Daily checklist (15 minutes)

  • Review the dashboard for worker status, queue depth, and recent alerts.
  • Scan the job status feed for stalled deployments or retry storms.
  • Check licensing state in the UI or via /api/license/show so Community Edition limits or expiring keys are flagged early.
  • Spot-check server and worker logs for new error signatures (journalctl -u lyftdata-server, worker logs).

Weekly tasks

  • Review worker utilization trends in the monitoring guide and plan scale-up if CPU or queue depth is trending high.
  • Validate backups and retention using the backup & recovery checklist.
  • Audit user accounts and API keys (rotate stale credentials, remove unused workers).
  • Capture notable changes (new connectors, job migrations) in your team runbook.

Before deploying changes

  • Stage jobs and verify via Run & Trace in lower environments.
  • Check the release notes for upgrade guidance or known issues.
  • Ensure alerting/metrics dashboards reflect any new jobs or channels.
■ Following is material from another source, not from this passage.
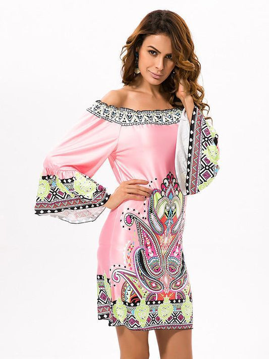 Pretty Floral Bohemia Off Shoulder Long Trumpet Sleeve Bodycon Mini Dress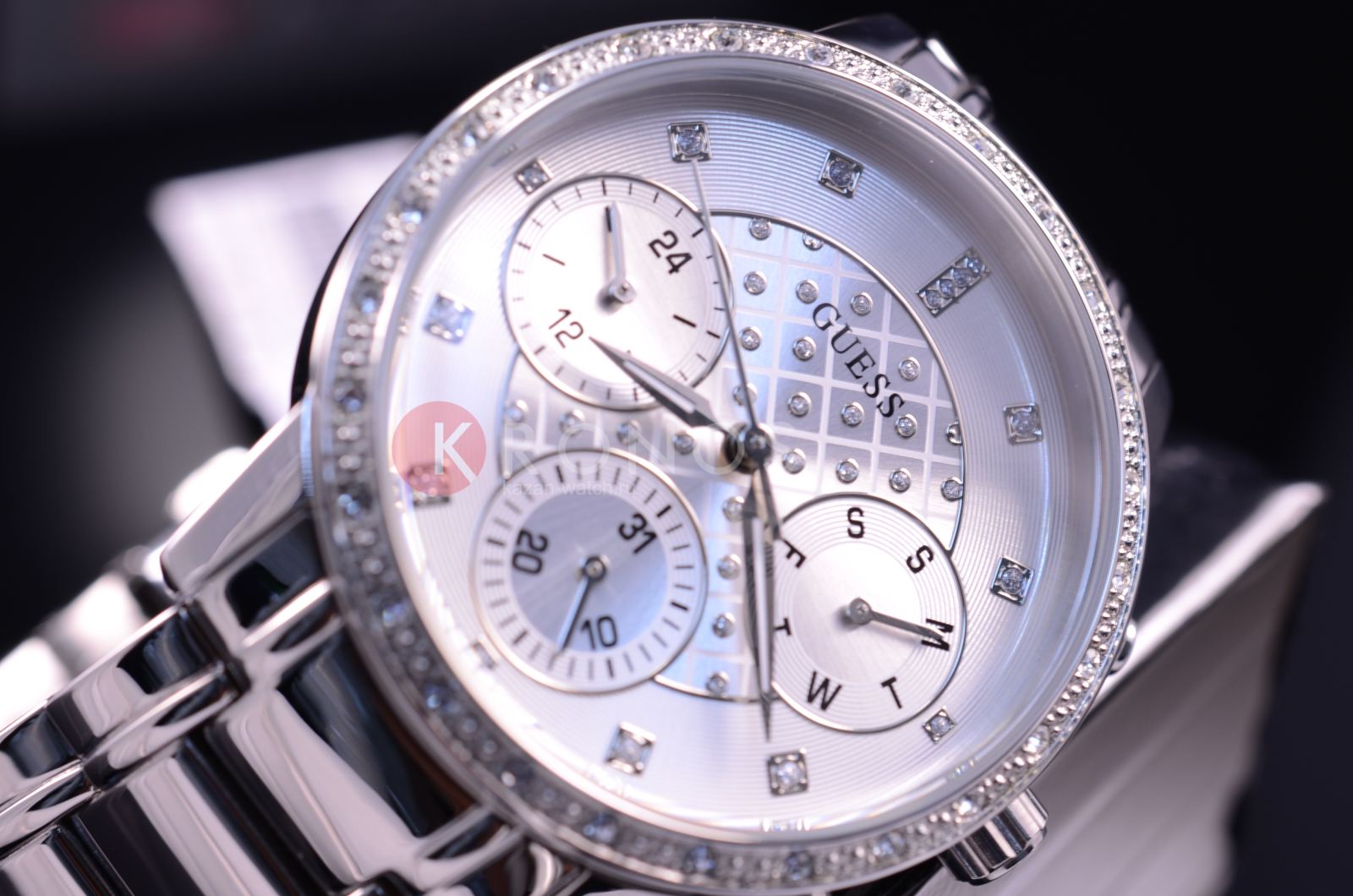 Классические наручные женские часы. Корпус часов выполнен из высокопрочной стали с антикоррозийными свойствами . Дизайн циферблата и стрелок исполнен в строгом и лаконичном стиле бренда Guess. Часы укомплектованы минеральным стеклом, устойчивым к появлению царапин и удерживаются на руке браслетом из нержавеющей стали. Часы станут прекрасным дополнением к образу.

Incident drills & readiness

  • Rehearse the escalation path for worker failures (who owns remediation?).
  • Test the process for draining jobs and restarting workers safely.
  • Validate that error budgets or SLIs are defined and monitored (pair with scaling guidance).

Resources

Keep this page bookmarked as the starting point for day-to-day operations and link it in your incident response handbook.